Хорошо отоспавшиеся, отдохнувшие воины ухаживают за лошадьми, чистят одежду и оружие. Куда ни посмотри — горят костры, в казанах варится мясо. Это — от щедрот Богары-бея. Никакой бестолковой толчеи, никакой суеты. Все работы ведутся под присмотром десятников или сотников, по жесткому порядку.
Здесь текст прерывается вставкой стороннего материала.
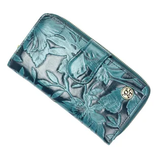Bardzo ładny damski portfel skórzany wysokiej jakości. Model ten jest praktyczny, przeznaczony dla wymagających klientów ceniących sobie jakość i wytrzymałość. Do wykonania portfela wykorzystana została skóra licowa wysokiej jakości o intrygującej teksturze, miła w dotyku. Podszewki uszyte są z bardzo dobrej tkaniny o nowoczesnym wzornictwie i ładnej teksturze.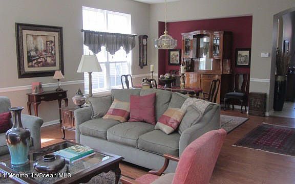 WOW!!! This BEAUTIFUL, Brick-Front, Barnegat home is located in the desirable, upscale, Adult-Community, Horizons of Barnegat. With it's backyard facing the woods, this peaceful home features a 2-story foyer, a large-updated kitchen, and an open-concept combined living room/dining room with beautiful hardwood floors and vaulted ceilings. It has 3 baths and 3 bedrooms, including a large, 1st floor Master Bedroom Suite with 2 Closets and a Master Bath featuring a jetted tub, double sink and a separate shower. A back patio facing the woods, 2-Car garage and huge 10x29, easy-walk in, 2nd-floor storage room completes this GORGEOUS Home. Additionally, it is conveniently located for easy access to the community's clubhouse, exercise room & pool.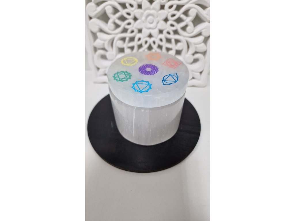 Selenitová uzatvárateľná nádoba  čakra, vonkajší priemer  8,5 cm,    vnútorný 6 cm,  výška s vrchnákom 8 cm. Vhodná do interiéru, aj ako svietnik, prípadne na uskladnenie drobných predmetov, šperkov,  kamienkov.  Harmonizuje a navyšuje energiu. Krajina pôvodu Maroko.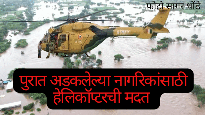 अतिवृष्टीमुळे अडकलेल्या नागरिकांच्या बचावासाठी आर्मीचे हेलिकॉप्टर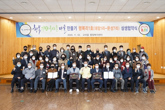 이 날 협약식은 읍승격 23주년을 맞아 장세용 구미시장, 도‧시의원 및 읍 기관단체장, 대망1리와 문성7리 마을관계자 60여명이 참석한 가운데 경과보고, 상생협약, 행복리1호 현판 수여식 순으로 행사가 진행됐다.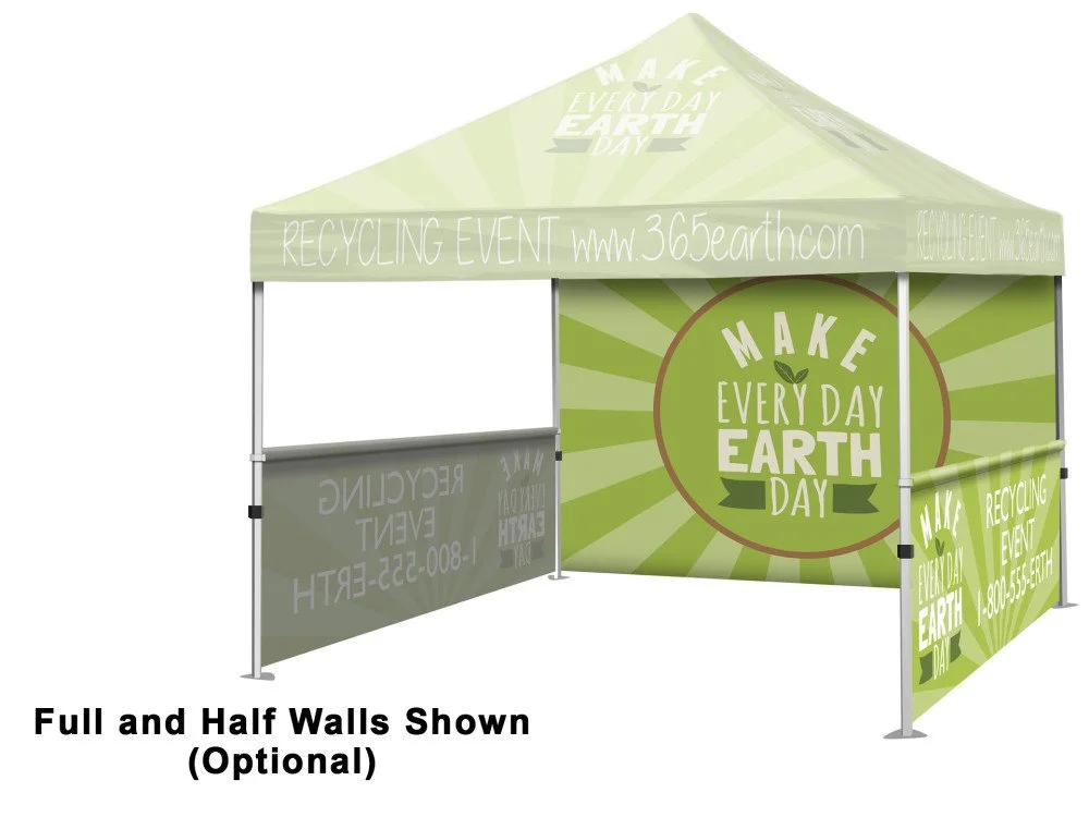 Achieve seamless branding with our full fabric dye sub canopy, capable of taking your artwork across the entire tent for a vivid, uninterrupted display. Unlike competitors’ tents, which often depend on limited vinyl graphics, our large format full-color capabilities allow your brand message to shine from seam to seam, on each of the four peaks and valance panels. Customize your tent further by adding full or half walls to any side.

Правда, если вглядеться, то можно уловить в глазах тревогу и чуть заметную вялость в движениях. Ведь одни четыре с половиной месяца колотились в седлах, другие прошагали пешком. Но старый полководец знает: только начнется бой, от этого застоя, от вялости и тревоги не останется и следа. Войска приводят в движение две силы: страх перед гневом Владыки Вселенной и надежда на предстоящую богатую добычу. Да, да, все они — я эмиры, большие и самые мелкие, и сарбазы, и лучники, и несколько тысяч чиновников, что пригрелись возле войска, все во власти этого закона. Какими бы разными ни были натуры и мысли-помыслы детей человеческих, каждый живет меж страхом и надеждой. Воины, когда храбро идут в бой, рассчитывают на повышение в чине, большую долю из военной добычи и в то же время страшатся наказания, боятся гнева десятников и сотников. И боязливых, и тех, кто силой еще не окреп,— всех ведет все тот же страх.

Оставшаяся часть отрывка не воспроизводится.